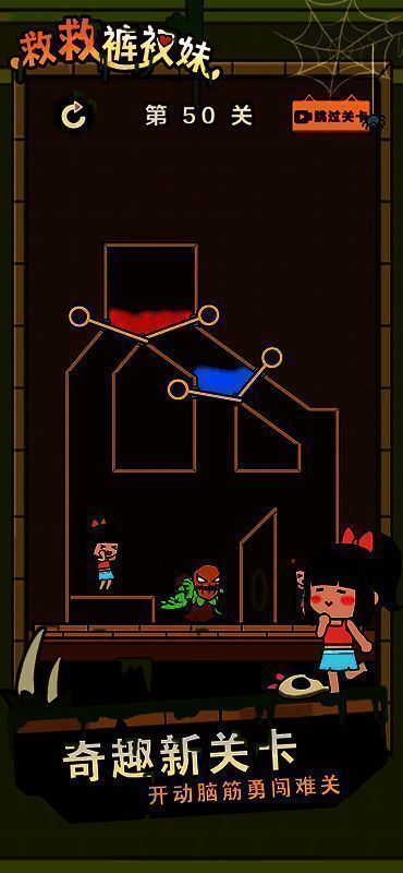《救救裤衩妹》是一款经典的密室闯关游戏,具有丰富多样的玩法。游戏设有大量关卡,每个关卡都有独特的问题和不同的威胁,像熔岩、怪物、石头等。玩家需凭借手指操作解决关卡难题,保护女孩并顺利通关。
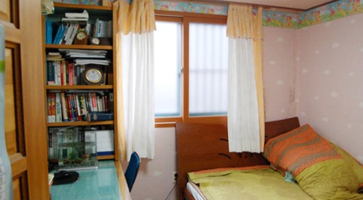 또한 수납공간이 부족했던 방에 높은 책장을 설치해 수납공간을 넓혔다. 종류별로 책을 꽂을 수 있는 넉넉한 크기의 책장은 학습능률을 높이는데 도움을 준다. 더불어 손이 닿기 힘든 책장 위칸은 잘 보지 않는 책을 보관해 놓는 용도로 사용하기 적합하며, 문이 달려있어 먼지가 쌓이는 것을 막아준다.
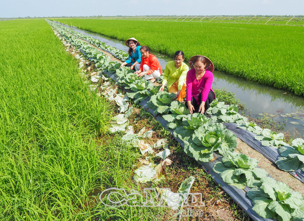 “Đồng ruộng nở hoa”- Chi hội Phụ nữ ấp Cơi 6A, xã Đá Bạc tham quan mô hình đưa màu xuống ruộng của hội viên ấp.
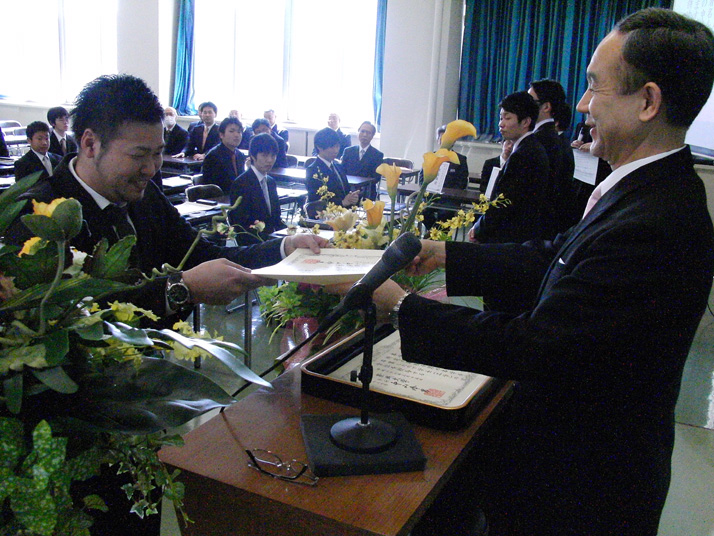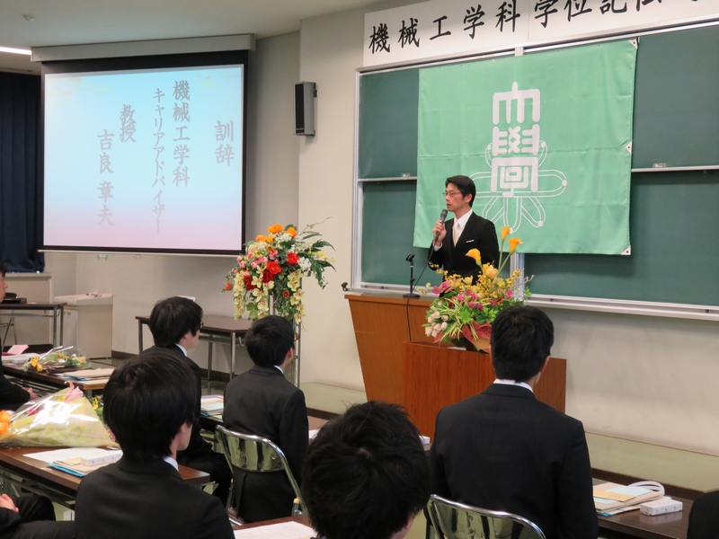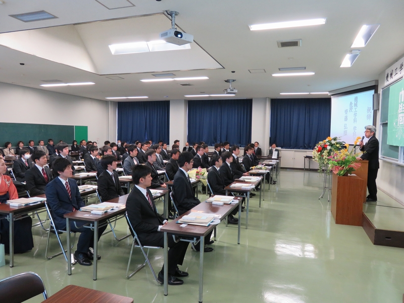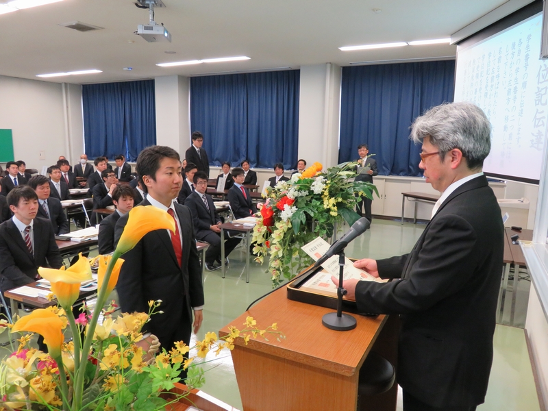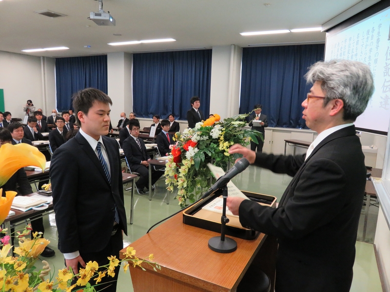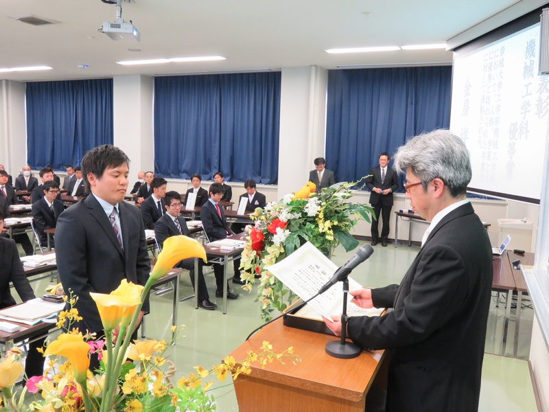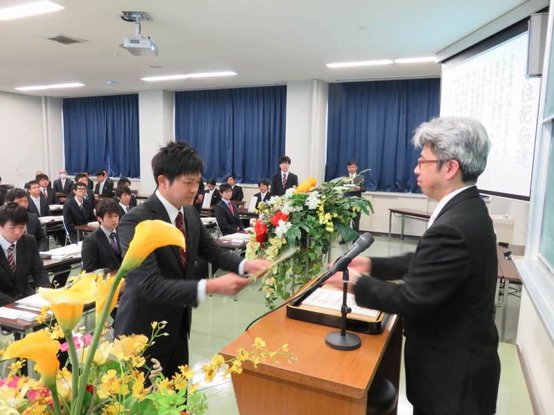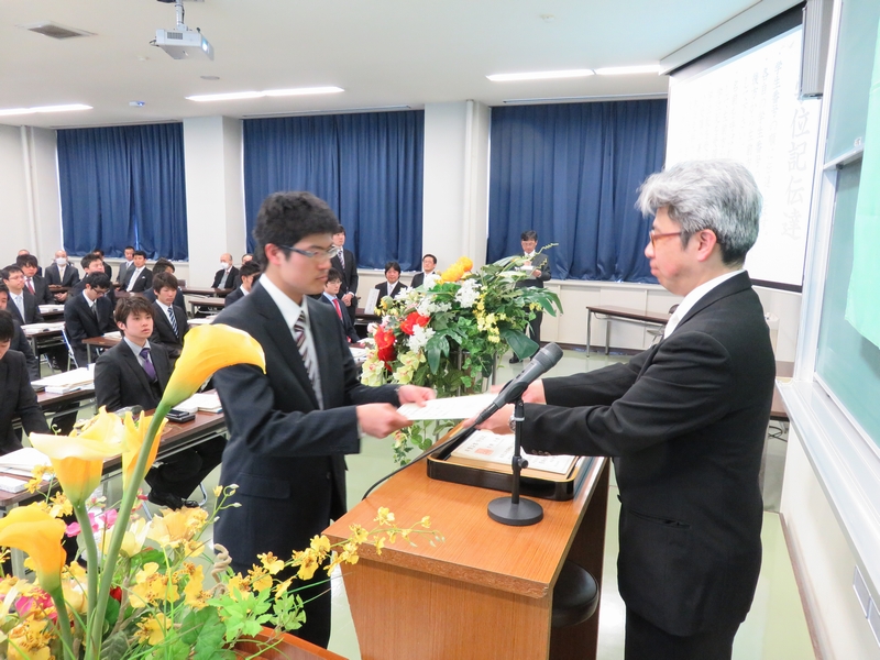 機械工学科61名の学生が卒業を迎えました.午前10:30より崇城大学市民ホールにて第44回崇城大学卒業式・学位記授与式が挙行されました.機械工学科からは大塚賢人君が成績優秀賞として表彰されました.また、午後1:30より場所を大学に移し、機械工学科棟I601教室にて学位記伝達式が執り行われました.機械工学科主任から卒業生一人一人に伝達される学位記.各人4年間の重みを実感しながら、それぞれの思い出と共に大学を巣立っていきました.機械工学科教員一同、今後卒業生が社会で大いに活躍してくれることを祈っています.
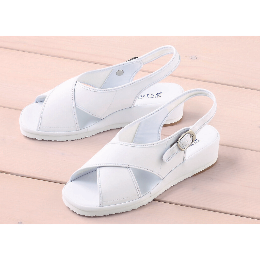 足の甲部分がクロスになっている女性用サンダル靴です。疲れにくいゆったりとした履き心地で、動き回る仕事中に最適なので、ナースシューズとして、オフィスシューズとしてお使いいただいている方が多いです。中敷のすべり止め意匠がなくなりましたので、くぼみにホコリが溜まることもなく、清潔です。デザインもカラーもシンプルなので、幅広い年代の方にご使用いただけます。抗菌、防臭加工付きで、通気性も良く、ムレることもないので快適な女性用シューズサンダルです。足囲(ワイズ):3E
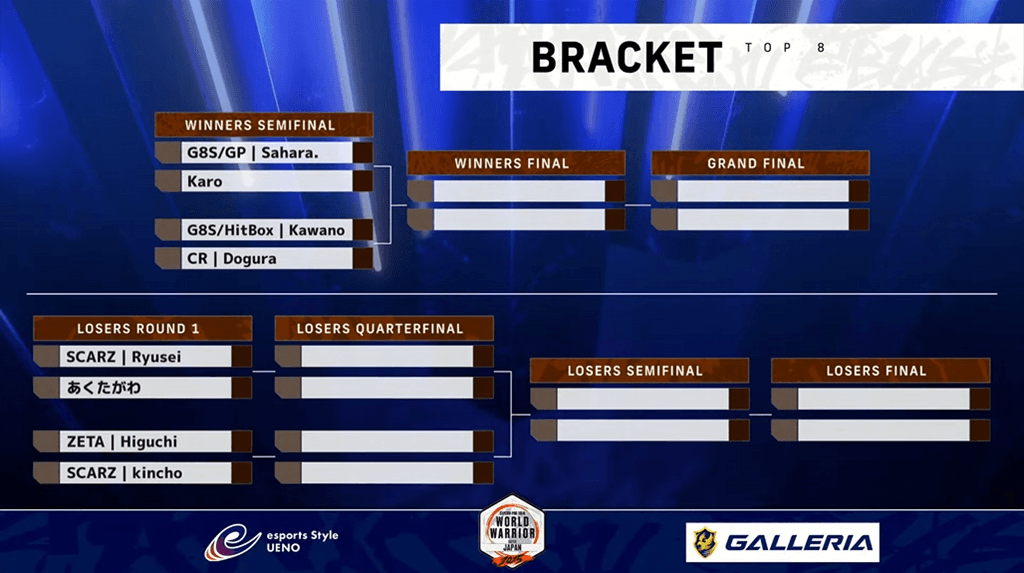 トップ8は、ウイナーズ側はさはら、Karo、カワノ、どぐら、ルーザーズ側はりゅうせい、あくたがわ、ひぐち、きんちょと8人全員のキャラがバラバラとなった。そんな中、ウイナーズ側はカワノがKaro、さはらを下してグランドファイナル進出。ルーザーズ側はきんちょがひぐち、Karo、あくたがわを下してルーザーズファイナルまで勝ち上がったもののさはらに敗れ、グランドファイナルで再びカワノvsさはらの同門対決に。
--
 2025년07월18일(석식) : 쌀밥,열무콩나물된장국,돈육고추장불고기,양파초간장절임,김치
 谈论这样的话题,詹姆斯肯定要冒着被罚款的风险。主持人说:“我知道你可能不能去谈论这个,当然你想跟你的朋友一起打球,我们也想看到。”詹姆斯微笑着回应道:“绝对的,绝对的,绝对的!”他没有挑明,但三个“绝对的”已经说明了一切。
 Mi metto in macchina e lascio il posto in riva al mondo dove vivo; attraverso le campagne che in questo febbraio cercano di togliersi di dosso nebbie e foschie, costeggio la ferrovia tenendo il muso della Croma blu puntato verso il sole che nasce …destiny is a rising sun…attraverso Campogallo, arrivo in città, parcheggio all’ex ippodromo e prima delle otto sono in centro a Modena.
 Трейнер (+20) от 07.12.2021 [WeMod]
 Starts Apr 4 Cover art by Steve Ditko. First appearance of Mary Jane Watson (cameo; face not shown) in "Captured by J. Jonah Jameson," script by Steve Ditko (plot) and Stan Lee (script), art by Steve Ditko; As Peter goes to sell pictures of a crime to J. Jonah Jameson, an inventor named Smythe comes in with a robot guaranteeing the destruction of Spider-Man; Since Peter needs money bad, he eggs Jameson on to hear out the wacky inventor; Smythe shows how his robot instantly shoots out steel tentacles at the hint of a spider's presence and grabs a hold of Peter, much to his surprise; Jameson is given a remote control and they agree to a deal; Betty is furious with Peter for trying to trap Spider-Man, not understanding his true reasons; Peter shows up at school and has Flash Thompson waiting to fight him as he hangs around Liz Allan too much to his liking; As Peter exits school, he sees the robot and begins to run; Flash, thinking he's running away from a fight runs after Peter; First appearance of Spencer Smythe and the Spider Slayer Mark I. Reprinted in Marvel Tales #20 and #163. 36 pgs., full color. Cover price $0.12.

◆ **Work item**: Your task is to restate, word for word, only those lines above that fall between the line holding "Mi metto in" and the line holding "Трейнер (+20) от 07.12.2021 [WeMod]", inclusive.

◆ **Solution for this exercise**:
 Mi metto in macchina e lascio il posto in riva al mondo dove vivo; attraverso le campagne che in questo febbraio cercano di togliersi di dosso nebbie e foschie, costeggio la ferrovia tenendo il muso della Croma blu puntato verso il sole che nasce …destiny is a rising sun…attraverso Campogallo, arrivo in città, parcheggio all’ex ippodromo e prima delle otto sono in centro a Modena.
 Трейнер (+20) от 07.12.2021 [WeMod]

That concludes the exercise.